- The Washington Times - Sunday, February 4, 2007

Del Ponte’s exit

Carla Del Ponte, the silver-haired, chain-smoking, bracelet-rattling prosecutor for the International Criminal Court for the former Yugoslavia, announced last week that she would leave the Hague-based tribunal in September.

Mrs. Del Ponte, who focused throughout her two terms at the tribunal on the prosecution of the three architects of the Balkan genocide — Slobodan Milosevic, Ratko Mladic and Radovan Karadzic — may be leaving unfulfilled.

Mr. Milosevic died four years into his war-crimes trial, abruptly ending a prosecution more than a dozen years in the making. And the other two are still at large, although hardly living underground.

“I plan to step down from the chief prosecutor’s office, the post I’ve occupied for eight years,” she told correspondents at The Hague last week. “I wish to see Ratko Mladic and Radovan Karadzic behind bars in The Hague by that time, and I’ll work on it. I hope to leave my office satisfied and not frustrated.”

Last month, Mrs. Del Ponte asked the Security Council, which created the tribunal in 1994, to extend the court’s mandate until the two generals could be prosecuted. The court is currently required to complete all initial trials by 2008 and appeals by 2010.

Taylor trial

The U.N.-created court for Sierra Leone, the Freetown-based tribunal that is trying former Liberian strongman Charles Taylor and nine other perpetrators of a disastrous civil war, will need about $33 million in voluntary contributions for its activities next year.
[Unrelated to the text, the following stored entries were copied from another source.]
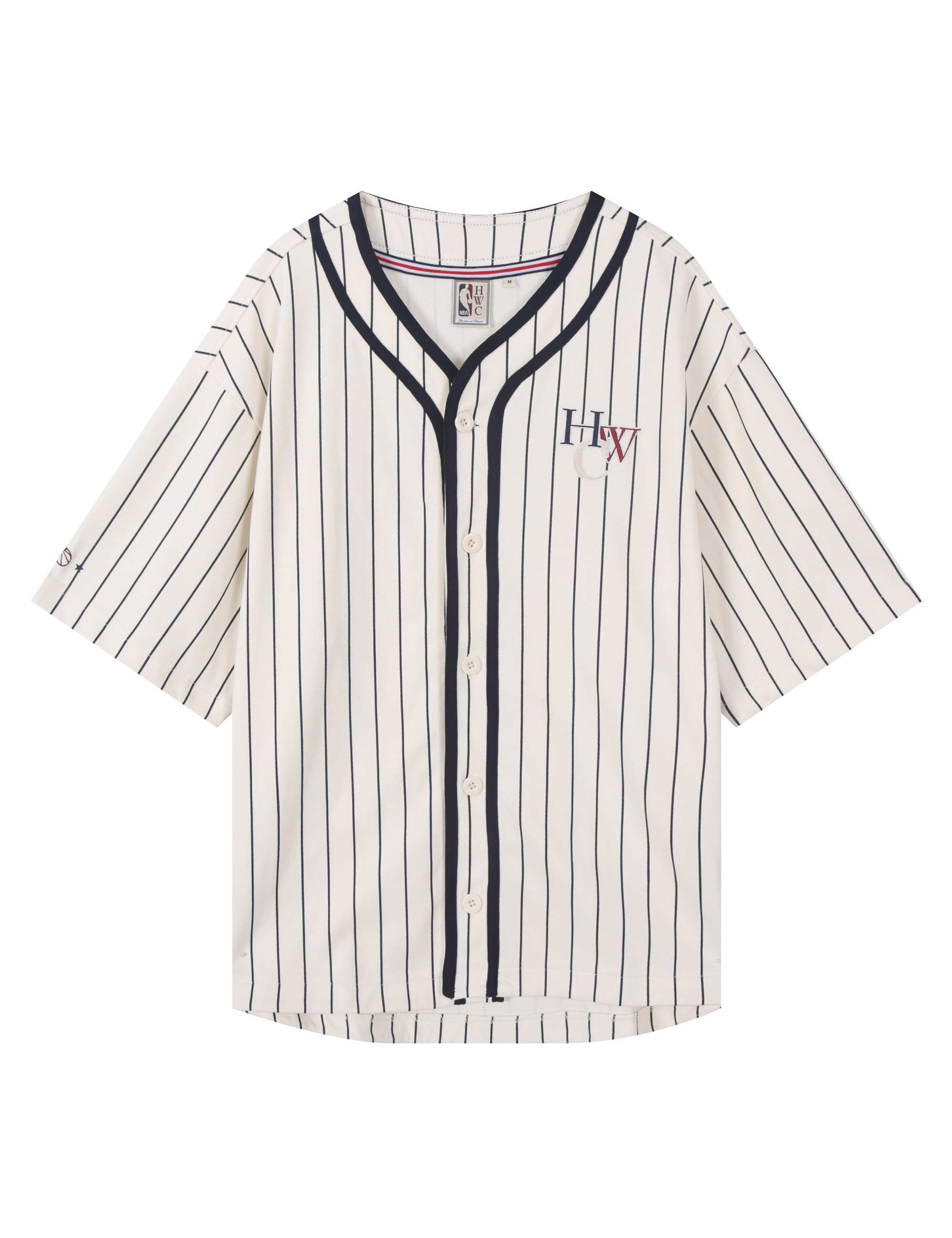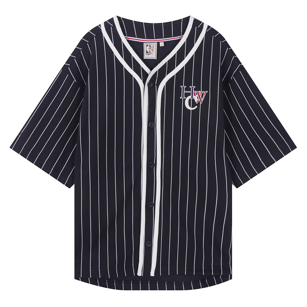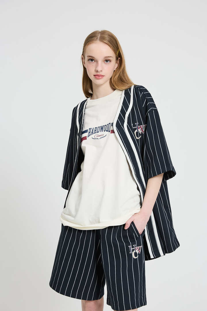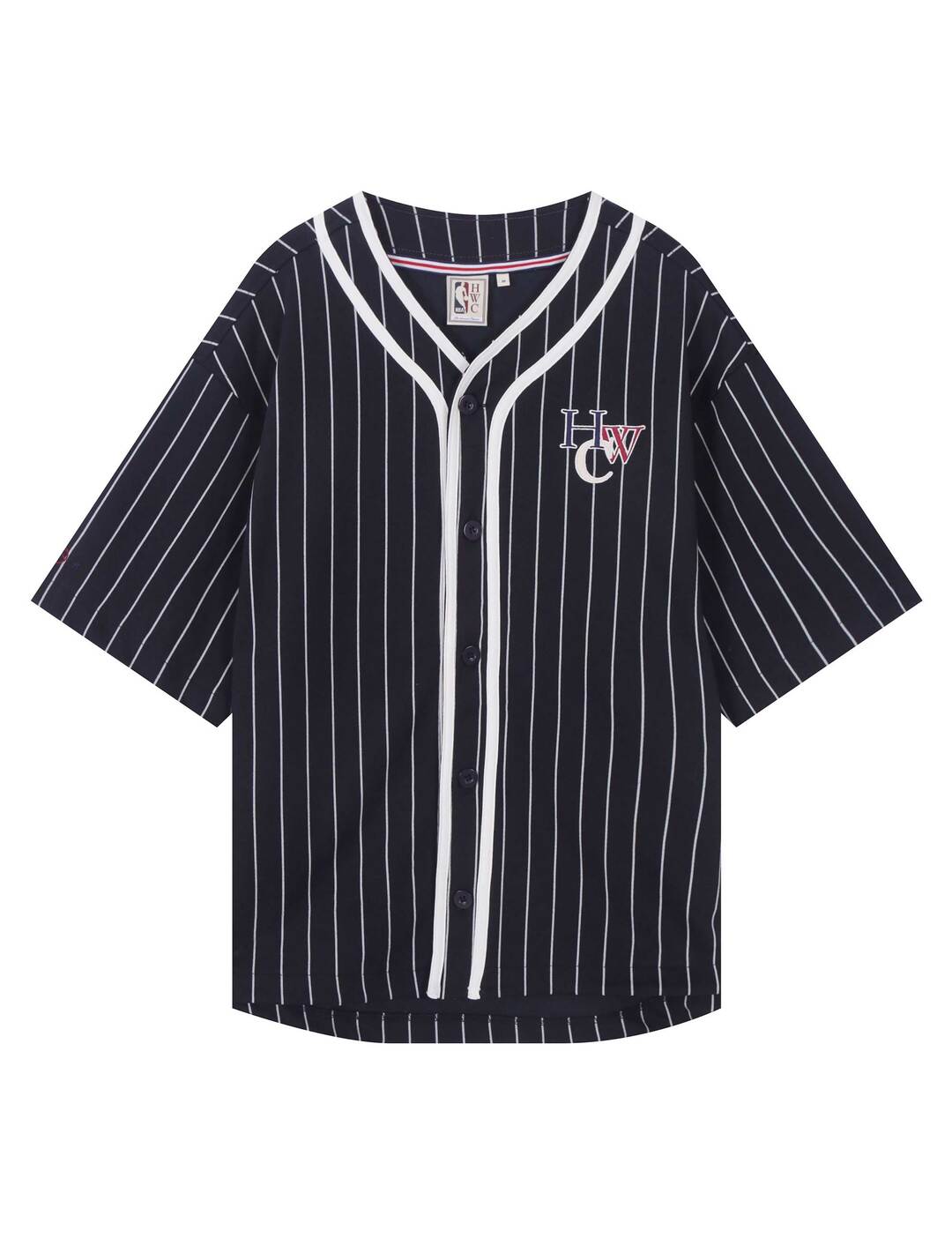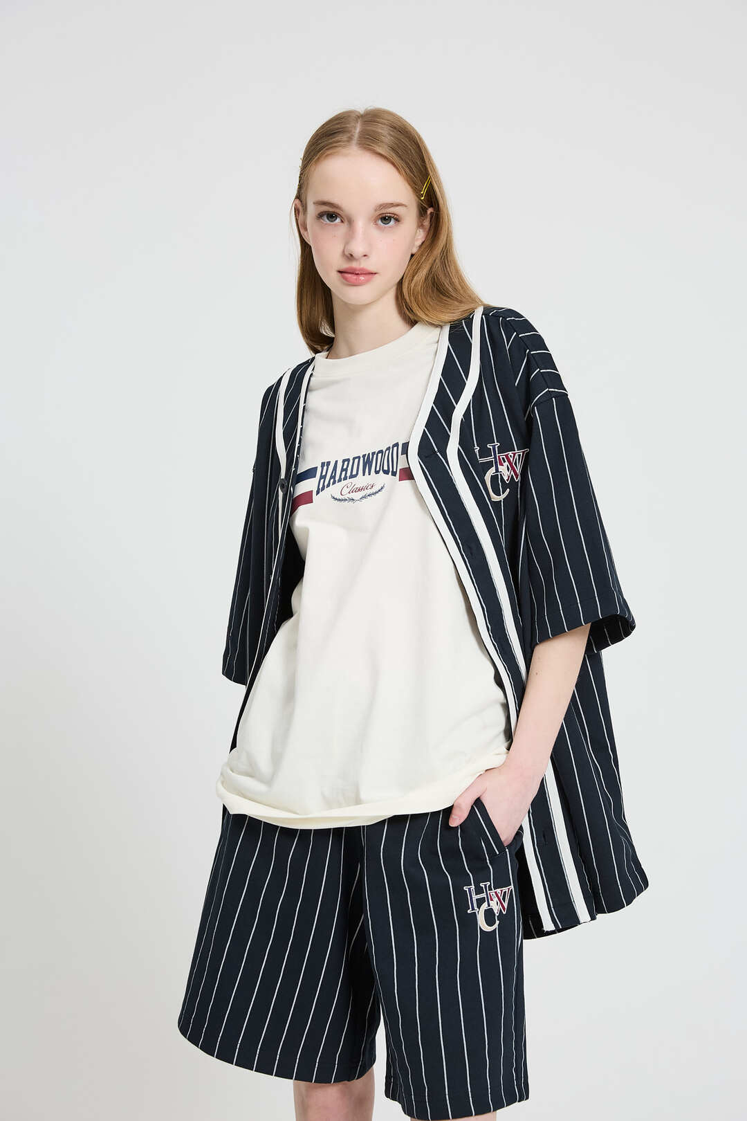 은은한 반라바 기법의 스트라이프 프린팅과 베이스볼 져지 디테일을 HWC 만의 무드로 표현함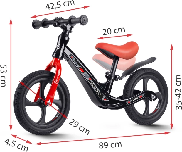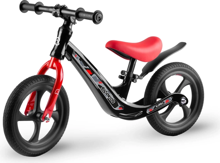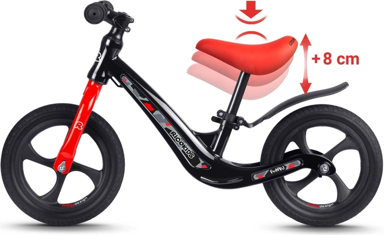 Das Ricokids Funnu ist ein zuverlässiges Kinderlaufrad, entwickelt für den fließenden Umstieg auf ein klassisches Fahrrad. Die ultraleichte Magnesiumkonstruktion erleichtert das Tragen und verbessert die Kontrolle, während die wartungsfreien EVA-Räder eine leise und stabile Fahrt auf Rasen, Asphalt und Schotter gewährleisten. Die verstellbare Sattelhöhe von 35–42 cm wächst mit dem Kind mit und bietet in jeder Entwicklungsphase Komfort.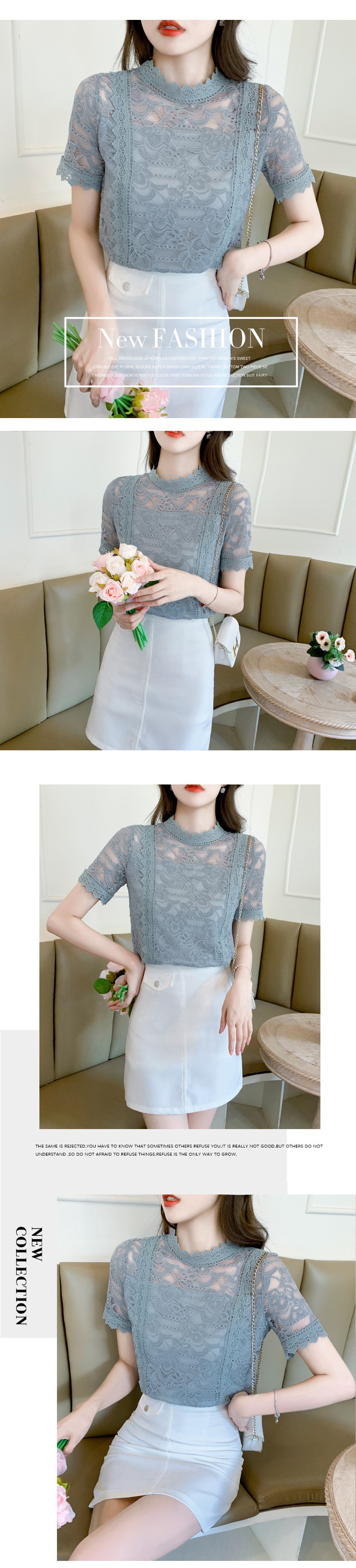리얼 샷 2023 여름 새로운 패션 우아한 무스 빈 레이스 셔츠 여성의 세련된 쉬폰 탑스토어 가기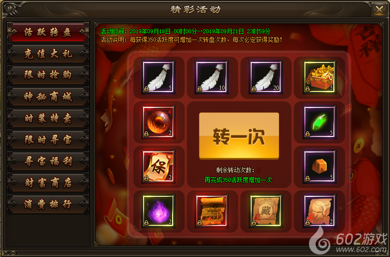 活动内容:活动期间,每获得350活跃度可增加一次转盘次数,每次必定获得奖励。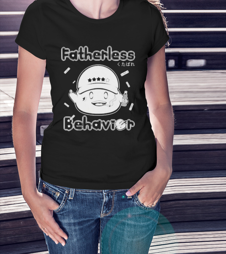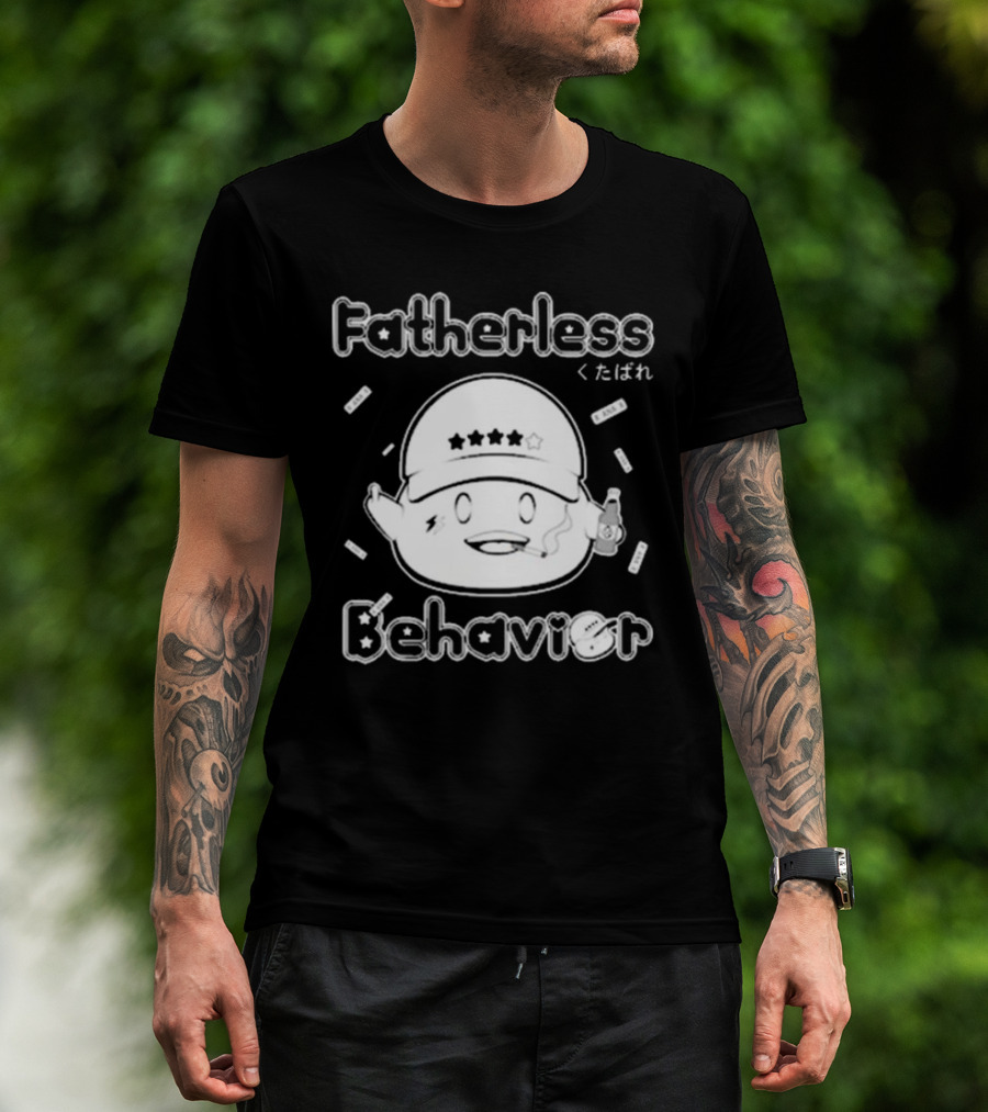 Fatherless Behavior Cute Character Holding Drink With Japanese Text くたばれ T-Shirt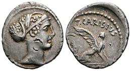 Carisia. T. Carisius. Denario. 46 a.C. Roma. (Ffc-552). (Craw-464/1). (Tesorillo-Carisia 1, mismo ejemplar). Anv.: Cabeza de Sivila a derecha. Rev.: Esfinge sentada a derecha, encima y detrás: T. CARISIVS., en el exergo: (III. VIR). Ag. 3,47 g. Marcas de banquero en anverso y leves rayitas en reverso. Bonito tono dorado. Ex J. Vico 107 (03/03/2005), lote 3166. Conserva la etiqueta original. EBC-/MBC+. Est...120,00.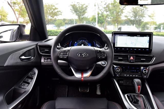 相比外观上的小幅变化,内饰还是延续了老款车型,采用了现代品牌最新的设计风格,在保持运动属性的同时,中控台各功能分区又比较清晰,在方向盘和挡杆上的两道红色装饰,烘托出运动化的风格。不过在内饰材质上,大多数还是塑料为主,只有在门板位置才有小面积的软性材质覆盖。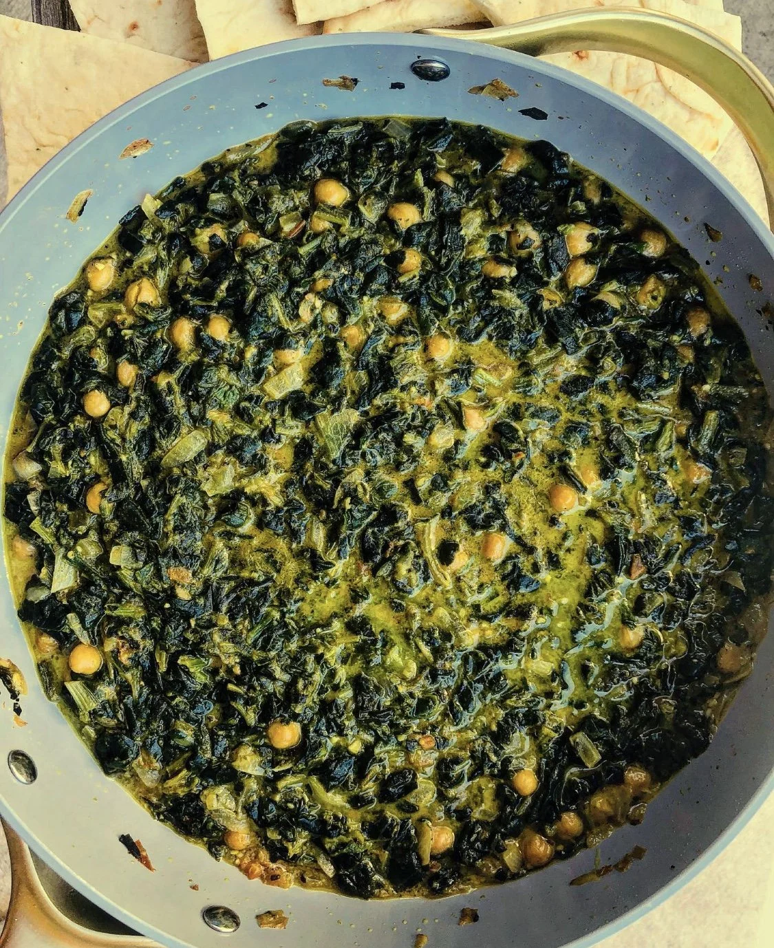 This vegetarian recipe is so delicious! I was inspired by the typical chana saag but made some personal tweaks that I thought elevated the flavor a little bit more.

That’s a large bump for the purposely modest tribunal, but most of the expenses are related to the extraordinary measures for Mr. Taylor’s trial, which will be conducted in well-equipped and secure facilities in The Hague.

Mr. Taylor, already in detention in the Netherlands, is expected to go on trial in June.

Stephen Rapp, a former Iowa attorney general who serves as prosecutor for the Special Court for Sierra Leone, said the proceedings should last 12 to 18 months, not counting any appeals.

Mr. Rapp said the original 16-count indictment against Mr. Taylor had been whittled down to 11 core charges, including crimes against humanity and war crimes, for abetting the mutilation of civilians, rape, sexual slavery, forced marriage and the use of child soldiers.

In a nutshell, the prosecutor will argue that the former Liberian dictator worked with rebel commanders to destabilize and terrorize Sierra Leone in return for diamonds. Mr. Rapp expects to call up to 133 witnesses.

Travel logistics aside, Mr. Rapp said the most difficult thing about holding the trial in the Netherlands will be keeping the Sierra Leoneans abreast of developments.

The BBC World Service Trust has pledged to underwrite coverage by revolving teams of West African journalists, whose reports will be carried on local television and radio and in publications. The court, in the past, has carted televisions into remote areas and shown what amounts to videotaped highlights reels from the proceedings.

Bahel bail hearing

And, finally, a legal update from New York.

The U.S. District Court has denied bail to Sanjaya Bahel, a former U.N. procurement officer and post office manager who has been accused of steering U.N. contracts to companies from his native India. Mr. Bahel has pleaded not guilty, but a representative of the named companies has confessed to making real estate deals with him.

Prosecutors argued against bail on the grounds that Mr. Bahel had lost his legal status in the United States when he lost his job at the United Nations.

Mr. Bahel’s attorney, Richard Herman, had proposed a bail package of more than $550,000 and lamented that “the presumption of innocence is lost” when it was denied.